Soldiers of the 101st Airborne Division have been coming under
nearly daily attack from roadside bombs.
Fuad said the U.S. military was now enforcing a curfew from 5pm.
He said "so many explosions occur now which terrify our
children."
The U.S. military began to use bulldozers Jan. 7 to build a
large sand barrier around the town in an effort to isolate
fighters who have been attacking U.S. patrols. Oil pipelines
from the area which lead to Turkey have been regularly sabotaged
by resistance groups.
The drastic measures have enraged many of the 3,000 residents of
the town.
"They think by these measures they can stop the resistance,"

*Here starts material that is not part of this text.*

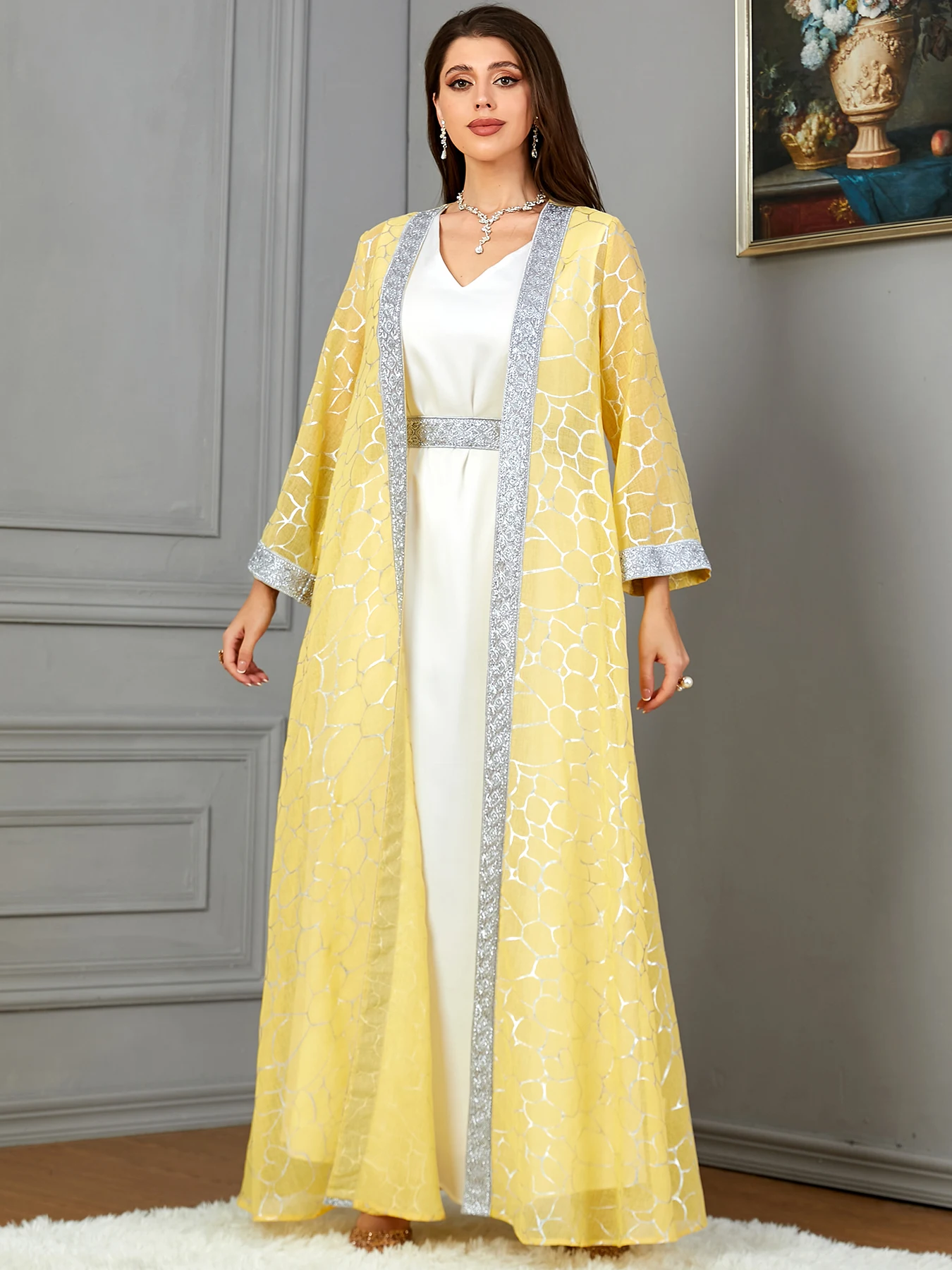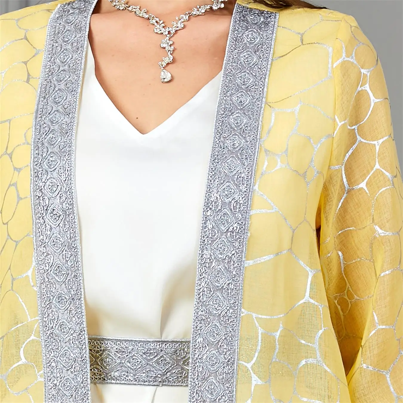The Moroccan Taqam Jalala consists of a long-sleeved kaftan in a charming golden color, decorated with distinctive details of cracked stones in a radiant gray color, giving it a touch of luxury and beauty.

Amer, a 43-year-old clerk at the nearby Beji oil refinery told
IPS. "But the Americans are creating more resistance by doing
these things. The resistance will not stop attacking them unless
they pull out of our country."
The clerk said he had not been able to leave his house for
several days, and was unable to work or to visit family members
outside Siniyah.
The U.S. military has named the project of building the huge
sand wall 'Operation Verdun' after a battle from World War I.
Occupation forces believe the city has become the main launching
pad for attacks on their patrols, as well as mortar attacks on
their nearby Summerall Base.
Checkpoints have been set up near the town, with U.S. and Iraqi
security forces checking every car for weapons and explosives.
"We can't work any more, our income depends on distributing
fuel," truck driver Abdul Qadr told IPS at one of the
checkpoints. "We are in a very bad situation. The city is
isolated now and they are putting barricades everywhere to stop
the fighters. Our houses are raided daily while they are
searching for foreigners, yet they can't find any of them."
Abdul Qadr, who grew up in Siniyah, told IPS he and his
neighbours felt they were in a "concentration camp". That is
also how residents of Fallujah and Samarra have described their
towns after U.S. forces built similar walls around them.
An 18km long wall has been constructed by the U.S. military in
Samarra, while Israeli-style military checkpoints remain in
place in Fallujah. The occupation forces have imposed similar
measures also in other towns such as Al-Qa'im, Haditha, Ramadi,
Balad, and Abu Hishma.
While such security measures have been in place for some time in
several towns, the attacks on security forces have only risen,
to an average of more than 100 a day over recent months.
"The Americans think the fighters are coming from outside Iraq,"
said Qadr. "But they are not. Can't they see the only real
solution is to let the people of a country rule themselves?"